*Task brief*.
Write the data out in full and word for word. Do not include images.

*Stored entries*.
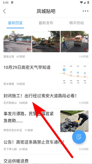 在社区页面,点击凤城贴吧,进入贴吧内容页。
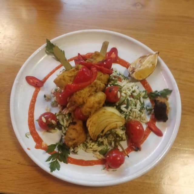 As delicious as it looks! 😊 I'd get it again, the plant chick'n is marinated in mango, and it's beautifully presented! 🌱
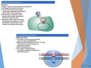 Genetic recombination involves the breaking and rejoining of DNA to form new combinations of genes. It occurs primarily during meiosis through several types of recombination, including homologous recombination where DNA exchanges occur between similar DNA molecules. This increases genetic diversity and allows for traits to be mixed. Recombination benefits populations by generating variety among offspring and allowing deleterious genes to be removed without losing the entire chromosome. It has applications in cloning, mapping genes, and making transgenic organisms.
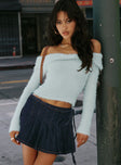 Front view of model wearing  front Camelia Pleat Mini Dark Denim Princess Polly  Mini Skirts
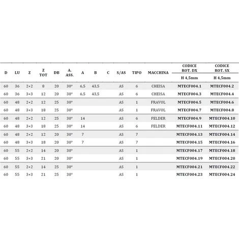Fraises bordeuses pour rectification à hélice en diamant avec plaquette H4,5 mm, angle axial de coupe 30° et rainures antibruit.
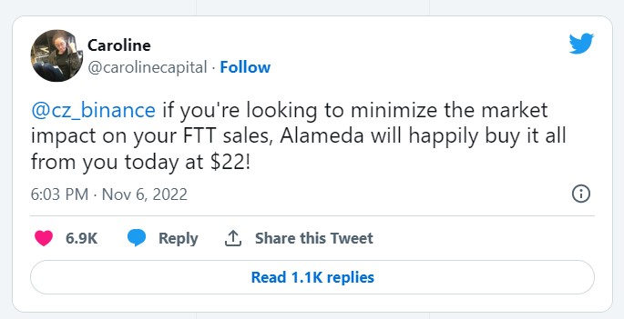 She offered to buy Binance’s remaining FTT for a set price of $22 if Zhao was looking to “minimize the market impact” of the move as well.
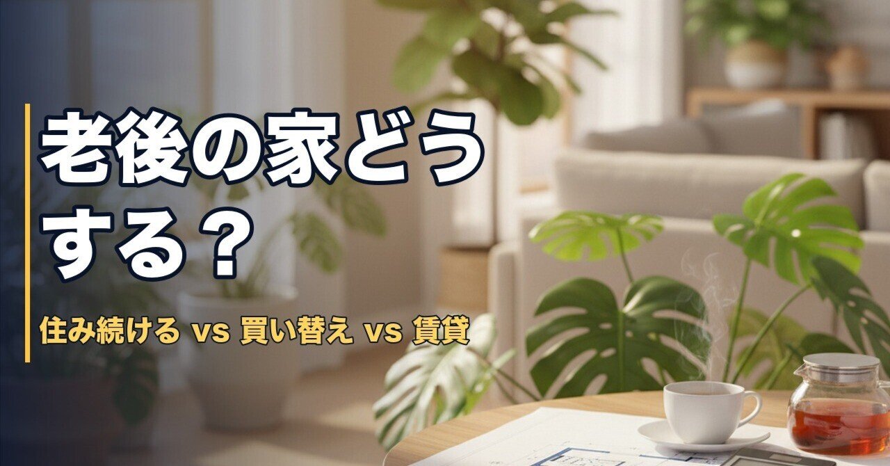 「この家、老後も住み続けられる?」ふと感じた不安 子どもが独立して夫婦二人になったとき、ふと思ったんです。 4LDKの一軒家、広すぎないか?と。 階段の上り下りは今は平気でも、70代・80代になったらどうだろう。 固定資産税は毎年約15万円。 修繕費も築20年を超えてどんどんかさんでいく。 「このまま住み続ける」以外の選択肢を、一度ちゃんと考えてみることにしました。 選択肢は3つ。数字で比較し
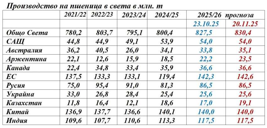 На 14 ноември Министерството на земеделието на САЩ (USDA) увеличи прогнозата на производството на пшеница в света през 2025/26 г. от 816,20 млн.т до рекордните в исторически план 828,89 млн.т. На 20 ноември експертите от Международния съвет по зърното качиха летвата още по-високо, до 830,40 млн.т, ръст с 30 млн.т в сравнение с предходния сезон и с 35,3 млн.т спрямо 2023/14 г.
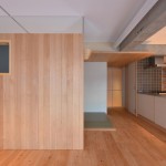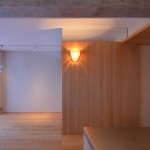 リビング側に飛び出す浴室を板張りで上部をミラー貼りとすることで箱として表現、また住戸内を走る梁をあえてそのままとし、廊下天井をぐっと下げたデザインとして水周りを含めた入れ子として空間全体の圧迫感を消している。
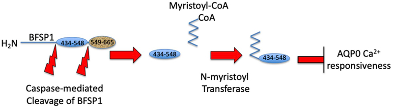BFSP1 (beaded filament structural protein 1, filensin) is a cytoskeletal protein expressed in the eye lens. It binds AQP0 in vitro and its C-terminal sequences have been suggested to regulate the water channel activity of AQP0. A myristoylated fragment from the C-terminus of BFSP1 was found in AQP0 enriched fractions. Here we identify BFSP1 as a substrate for caspase-mediated cleavage at several C-terminal sites including D433. Cleavage at D433 exposes a cryptic myristoylation sequence (434-440). We confirm that this sequence is an excellent substrate for both NMT1 and 2 (N-myristoyl transferase). Thus caspase cleavage may promote formation of myristoylated fragments derived from the BFSP1 C-terminus (G434-S665). Myristoylation at G434 is not required for membrane association. Biochemical fractionation and immunogold labeling confirmed that C-terminal BFSP1 fragments containing the myristoylation sequence colocalized with AQP0 in the same plasma membrane compartments of lens fibre cells. To determine the functional significance of the association of BFSP1 G434-S665 sequences with AQP0, we measured AQP0 water permeability in Xenopus oocytes co-transfected with transcripts expressing both AQP0 and various C-terminal domain fragments of BFSP1 generated by caspase cleavage. We found that different fragments dramatically alter the response of AQP0 to different concentrations of Ca2+. The complete C-terminal fragment (G434-S665) eliminates calcium regulation altogether. Shorter fragments can enhance regulation by elevated calcium or reverse the response, indicative of the regulatory potential of BFSP1 with respect to AQP0. In particular, elimination of the myristoylation site by the mutation G434A reverses the order of water permeability sensitivity to different Ca2+ concentrations.

*Response area*.
 在社区页面,点击凤城贴吧,进入贴吧内容页。
 As delicious as it looks! 😊 I'd get it again, the plant chick'n is marinated in mango, and it's beautifully presented! 🌱
 Genetic recombination involves the breaking and rejoining of DNA to form new combinations of genes. It occurs primarily during meiosis through several types of recombination, including homologous recombination where DNA exchanges occur between similar DNA molecules. This increases genetic diversity and allows for traits to be mixed. Recombination benefits populations by generating variety among offspring and allowing deleterious genes to be removed without losing the entire chromosome. It has applications in cloning, mapping genes, and making transgenic organisms.
 Front view of model wearing  front Camelia Pleat Mini Dark Denim Princess Polly  Mini Skirts
Fraises bordeuses pour rectification à hélice en diamant avec plaquette H4,5 mm, angle axial de coupe 30° et rainures antibruit.
 She offered to buy Binance’s remaining FTT for a set price of $22 if Zhao was looking to “minimize the market impact” of the move as well.
 「この家、老後も住み続けられる?」ふと感じた不安 子どもが独立して夫婦二人になったとき、ふと思ったんです。 4LDKの一軒家、広すぎないか?と。 階段の上り下りは今は平気でも、70代・80代になったらどうだろう。 固定資産税は毎年約15万円。 修繕費も築20年を超えてどんどんかさんでいく。 「このまま住み続ける」以外の選択肢を、一度ちゃんと考えてみることにしました。 選択肢は3つ。数字で比較し
 На 14 ноември Министерството на земеделието на САЩ (USDA) увеличи прогнозата на производството на пшеница в света през 2025/26 г. от 816,20 млн.т до рекордните в исторически план 828,89 млн.т. На 20 ноември експертите от Международния съвет по зърното качиха летвата още по-високо, до 830,40 млн.т, ръст с 30 млн.т в сравнение с предходния сезон и с 35,3 млн.т спрямо 2023/14 г.
 リビング側に飛び出す浴室を板張りで上部をミラー貼りとすることで箱として表現、また住戸内を走る梁をあえてそのままとし、廊下天井をぐっと下げたデザインとして水周りを含めた入れ子として空間全体の圧迫感を消している。
BFSP1 (beaded filament structural protein 1, filensin) is a cytoskeletal protein expressed in the eye lens. It binds AQP0 in vitro and its C-terminal sequences have been suggested to regulate the water channel activity of AQP0. A myristoylated fragment from the C-terminus of BFSP1 was found in AQP0 enriched fractions. Here we identify BFSP1 as a substrate for caspase-mediated cleavage at several C-terminal sites including D433. Cleavage at D433 exposes a cryptic myristoylation sequence (434-440). We confirm that this sequence is an excellent substrate for both NMT1 and 2 (N-myristoyl transferase). Thus caspase cleavage may promote formation of myristoylated fragments derived from the BFSP1 C-terminus (G434-S665). Myristoylation at G434 is not required for membrane association. Biochemical fractionation and immunogold labeling confirmed that C-terminal BFSP1 fragments containing the myristoylation sequence colocalized with AQP0 in the same plasma membrane compartments of lens fibre cells. To determine the functional significance of the association of BFSP1 G434-S665 sequences with AQP0, we measured AQP0 water permeability in Xenopus oocytes co-transfected with transcripts expressing both AQP0 and various C-terminal domain fragments of BFSP1 generated by caspase cleavage. We found that different fragments dramatically alter the response of AQP0 to different concentrations of Ca2+. The complete C-terminal fragment (G434-S665) eliminates calcium regulation altogether. Shorter fragments can enhance regulation by elevated calcium or reverse the response, indicative of the regulatory potential of BFSP1 with respect to AQP0. In particular, elimination of the myristoylation site by the mutation G434A reverses the order of water permeability sensitivity to different Ca2+ concentrations.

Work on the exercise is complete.